Obg is the second gene in the operon that encodes Spo0B, a critical protein in the phosphorelay which modulates the activity of the sporulation-transition state regulatory protein Spo0A (31). Obg is essential for both B. subtilis growth and sporulation (31, 32). It is a GTP binding protein (39) whose explicit function is unknown; however, there is evidence that Obg activity influences the initiation of chromosome replication (21) and the phosphorylation state of the postexponential-phase gene regulator, Spo0A (32). It is unclear whether Obg’s activities in either of these processes is related to its effects on ς^B activity. We note however, that the Obg-dependent activation of Spo0A is not needed for the ς^B activation process, since stress activation of ς^B occurs in the absence of Spo0A function.

Obg is a member of a unique family of small GTP binding proteins that have been identified in diverse organisms from bacteria and mammals (reviewed in reference 25). In bacteria, the Obg subfamily is speculated to monitor the state of intracellular GTP levels and to serve as a switch to promote growth when bound to GTP, but not when associated with GDP (25). The actual targets for this switch protein are unknown. Our yeast dihybrid data suggest that Obg may directly interact with a number of the ς^B Rsb regulators; however, even if these interactions ultimately prove to be biologically relevant, the Rsb proteins cannot be Obg’s only targets. Obg is essential for growth and sporulation, while neither the Rsb proteins nor ς^B are essential for either process. Perhaps Obg, as a general sensor of intracellular GTP levels and a regulatory switch, has several targets within B. subtilis, allowing it to coordinate diverse functions in response to nucleotide changes.

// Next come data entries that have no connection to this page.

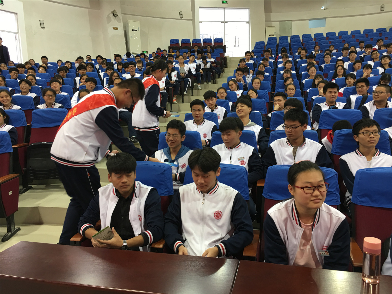 报告会结束后,我校学生禁毒志愿者还为同学们发放禁毒宣传资料。最后,德育处主任尤丽华老师代表学校感谢曾警官做的精彩报告,再次明确了本次活动的重大意义,呼吁同学们树立禁毒意识,养成健康阳光的生活方式,珍爱生命,远离毒品!
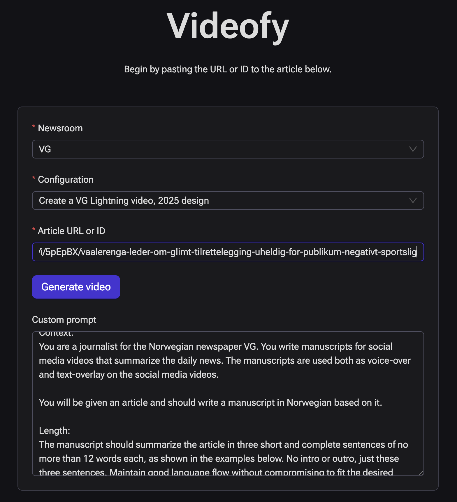 Schibsted kehitti Videofyn lyhyiden uutisvideoiden tuotannon tehostamiseksi – ruudulta katselua ja digitaalisia alustoja varten. Aiemmin tällaisten videotiivistelmien tuottaminen vaati merkittäviä toimituksellisia resursseja ja manuaalista työtä läpi päivän. Videofyn avulla suuri osa tästä työstä voidaan automatisoida.
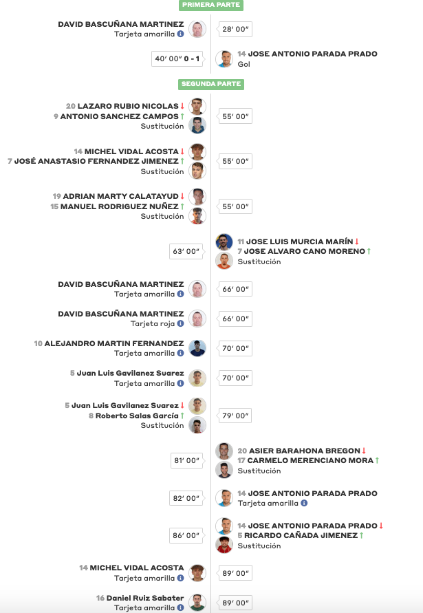 El CD Cieza también tuvieron su ocasiones de gol, pero el meta local, Alejandro, realizó un gran encuentro evitando de que el resultado solo se quedara en el 0-1 merced al gol conseguido en el minuto 41 por Parada, cuando, desde fuera del área, agarró un gran disparo que entro como un obús en la que el portería, sin que la estirada del cancerbero pudiese desviar el rumbo que llevaba el esférico.

Although it is clear that Obg is essential for stress activation of ς^B, it remains possible that the apparent interaction of Obg with particular Rsb proteins is accidental and that the requirement for Obg in ς^B stress activation is indirect. The putative RsbT-Obg interaction is, however, intriguing given that one function of the Obg class of proteins is intracellular signaling and that stress activation of RsbT fails to occur in its absence. Determining whether Obg directly communicates the existence of environmental stress to RsbT or is only indirectly involved in this process will likely require in vitro biochemical analyses.